** Opening Provided data block **
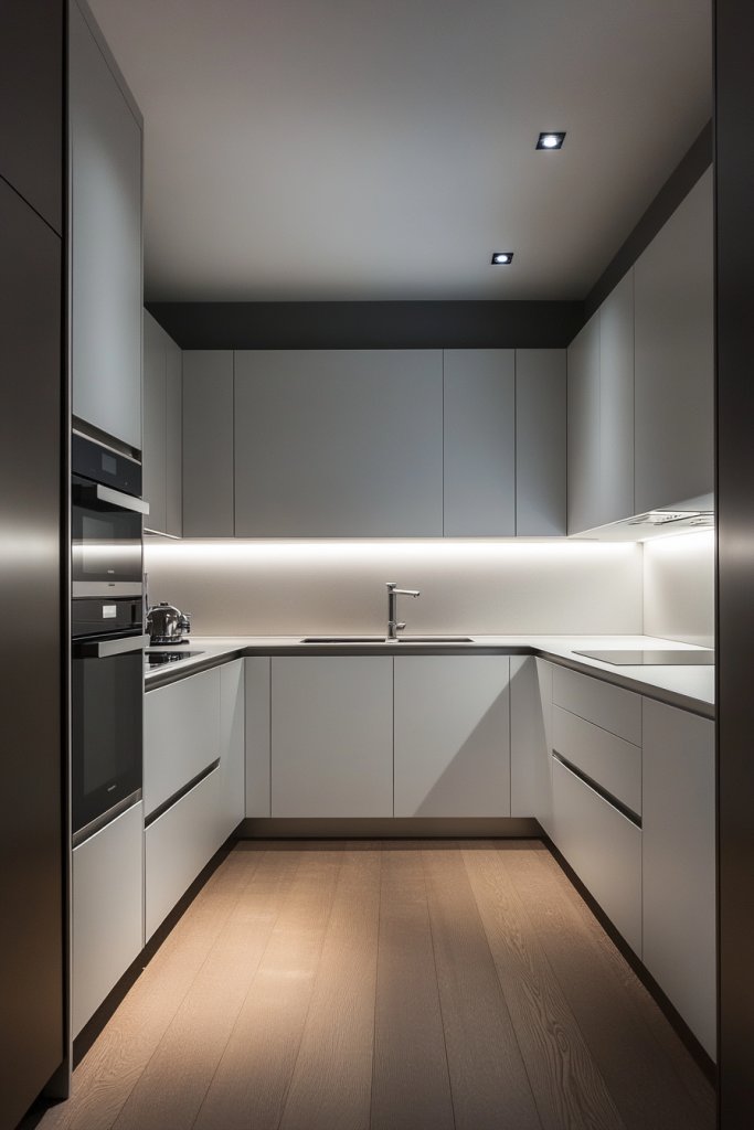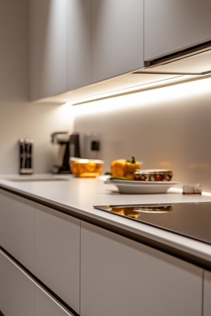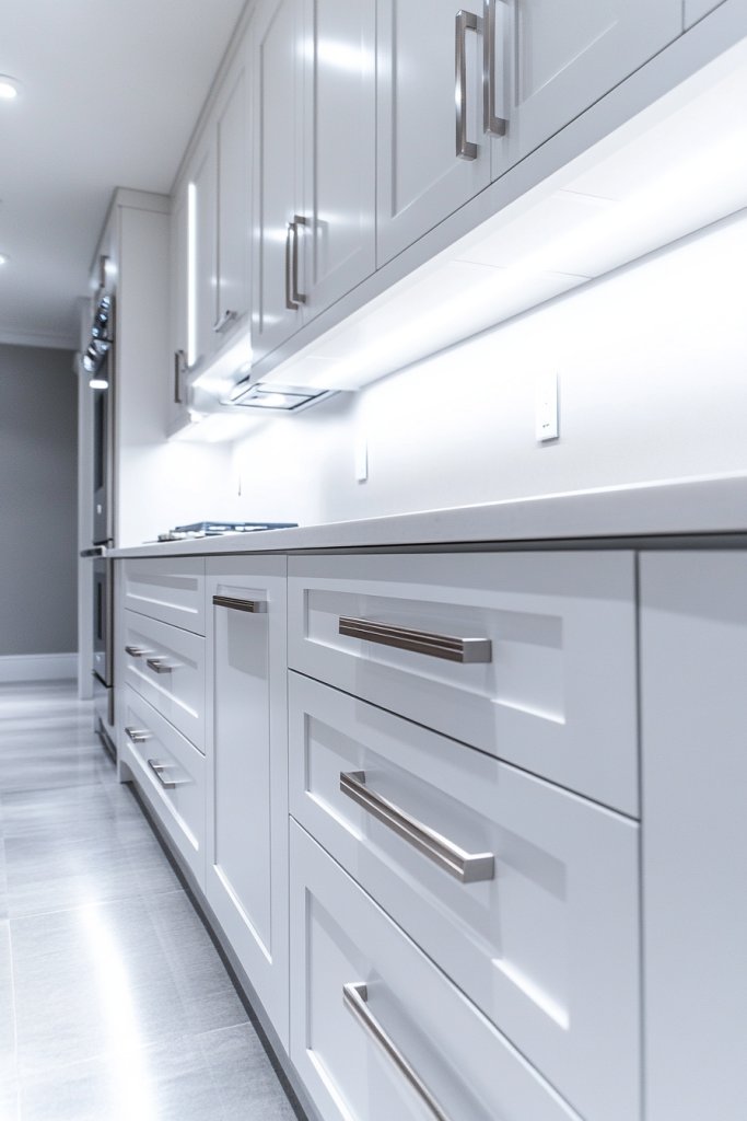 Select handleless cabinetry with high-quality hinges and soft-close features. Use a precision drill or router for clean, flush installation. Apply a durable, matte white finish that resists fingerprints and smudges. When installing, ensure all cabinets are aligned perfectly for a seamless look. Consider professional installation for a flawless, modern finish. Regular cleaning involves wiping surfaces with a soft cloth to maintain the sleek look.
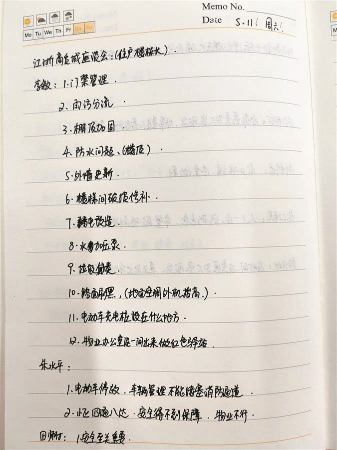 “好记性不如烂笔头,记在本子上才不会忘掉。”赵锁梅说,这些年她养成了一个习惯,每天到小区去的时候会带一个笔记本,将小区居民反映的问题一一记录下来,之后逐一进行落实。
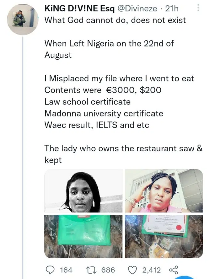 “What God cannot do, does not exist. When Left Nigeria on the 22nd of August. I Misplaced my file where I went to eat. Contents were €3000, $200 , Law school certificate, Madonna university certificate, Waec result, IELTS and etc. The lady who owns the restaurant saw & kept”, he wrote on Twitter.
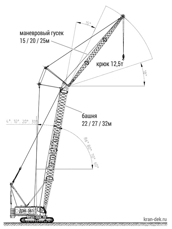 ДЭК-361: башенно-стреловое исполнение (БСО: башня + маневровый гусек)
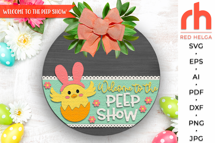 Welcome to the Peep Show SVG, Easter Door Sign Cut File, Farm Layered Round Hanger DXF, Easter Chicks Silhouette, Spring Hanging Sign - Cricut cut file, Silhouette cut file
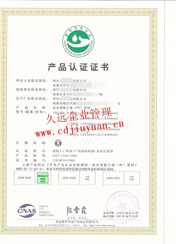 節(jié)水產(chǎn)品認(rèn)證證書
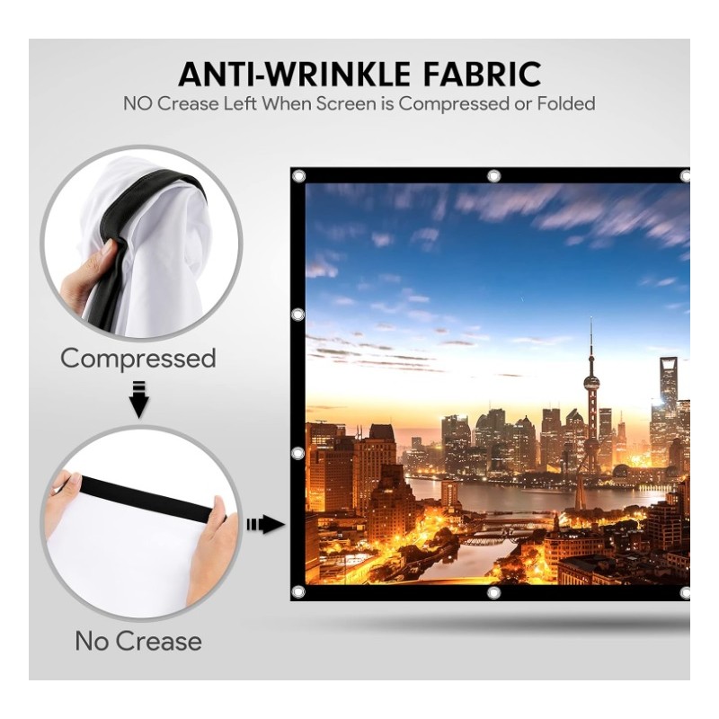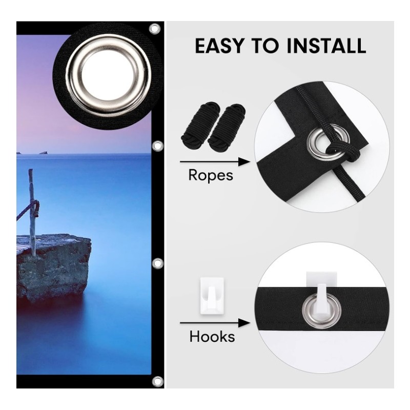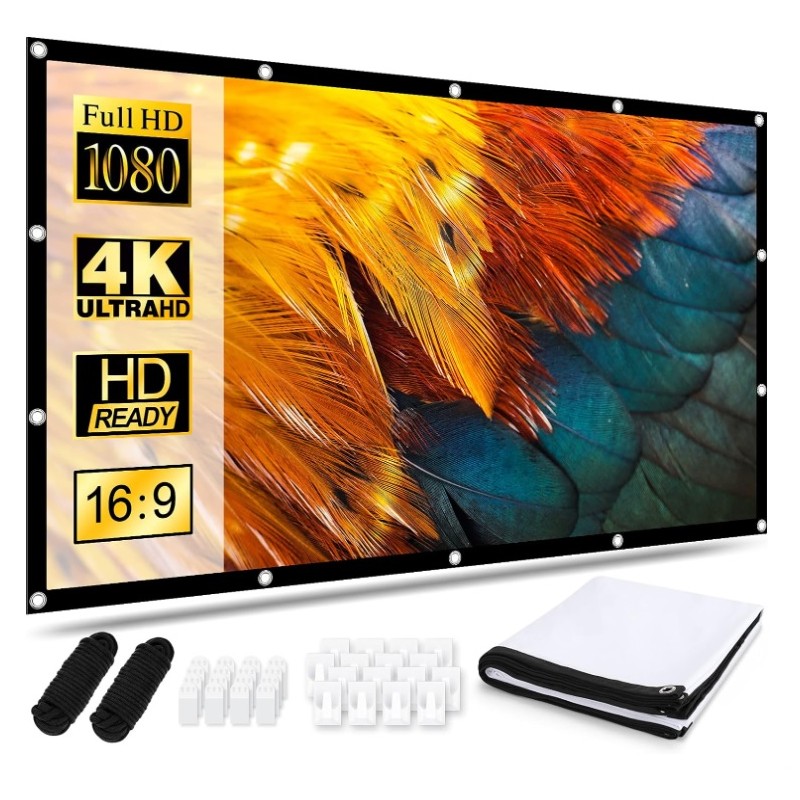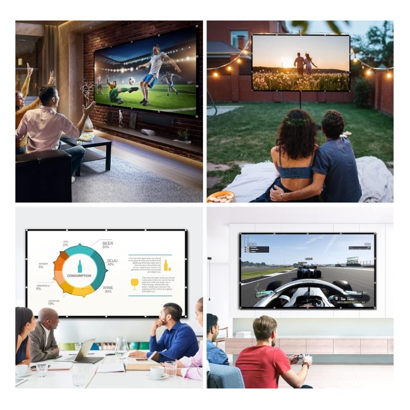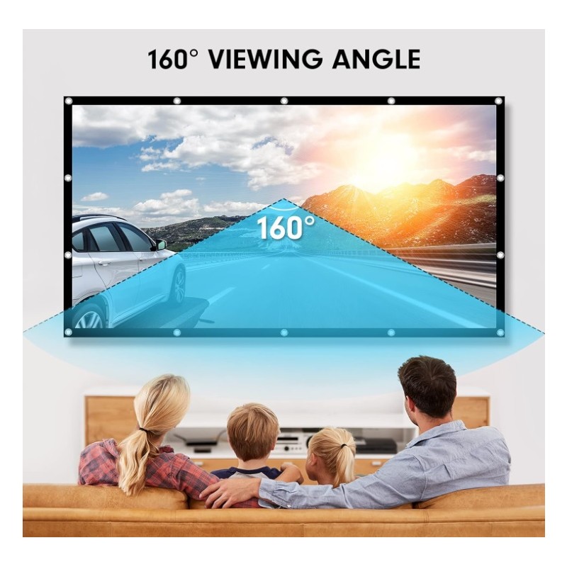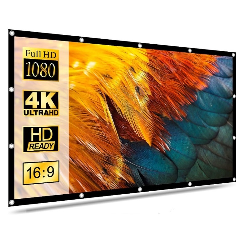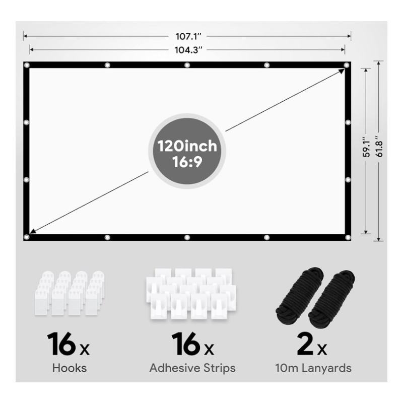 Pantalla de 120 pulgadas para proyector de video. Tiene un formato de 16:9 HD. El tamaño de la pantalla es de 266 x 149 centimetros aproximadamente. Angulo de vision de 160 grados. Pantalla de tela de fibra de poliester antiarrugas, plegable y lavable. Valida para interior y exterior. Pantalla diseñada para brindar una excelente experiencia de cine en casa. Incluye pantalla de 120 pulgadas para proyector de video y los accesorios para colocarla.
** Closing Provided data block **
Copy the listing exactly but drop its images.

 Select handleless cabinetry with high-quality hinges and soft-close features. Use a precision drill or router for clean, flush installation. Apply a durable, matte white finish that resists fingerprints and smudges. When installing, ensure all cabinets are aligned perfectly for a seamless look. Consider professional installation for a flawless, modern finish. Regular cleaning involves wiping surfaces with a soft cloth to maintain the sleek look.
 “好记性不如烂笔头,记在本子上才不会忘掉。”赵锁梅说,这些年她养成了一个习惯,每天到小区去的时候会带一个笔记本,将小区居民反映的问题一一记录下来,之后逐一进行落实。
 “What God cannot do, does not exist. When Left Nigeria on the 22nd of August. I Misplaced my file where I went to eat. Contents were €3000, $200 , Law school certificate, Madonna university certificate, Waec result, IELTS and etc. The lady who owns the restaurant saw & kept”, he wrote on Twitter.
 ДЭК-361: башенно-стреловое исполнение (БСО: башня + маневровый гусек)
 Welcome to the Peep Show SVG, Easter Door Sign Cut File, Farm Layered Round Hanger DXF, Easter Chicks Silhouette, Spring Hanging Sign - Cricut cut file, Silhouette cut file
 節(jié)水產(chǎn)品認(rèn)證證書
 Pantalla de 120 pulgadas para proyector de video. Tiene un formato de 16:9 HD. El tamaño de la pantalla es de 266 x 149 centimetros aproximadamente. Angulo de vision de 160 grados. Pantalla de tela de fibra de poliester antiarrugas, plegable y lavable. Valida para interior y exterior. Pantalla diseñada para brindar una excelente experiencia de cine en casa. Incluye pantalla de 120 pulgadas para proyector de video y los accesorios para colocarla.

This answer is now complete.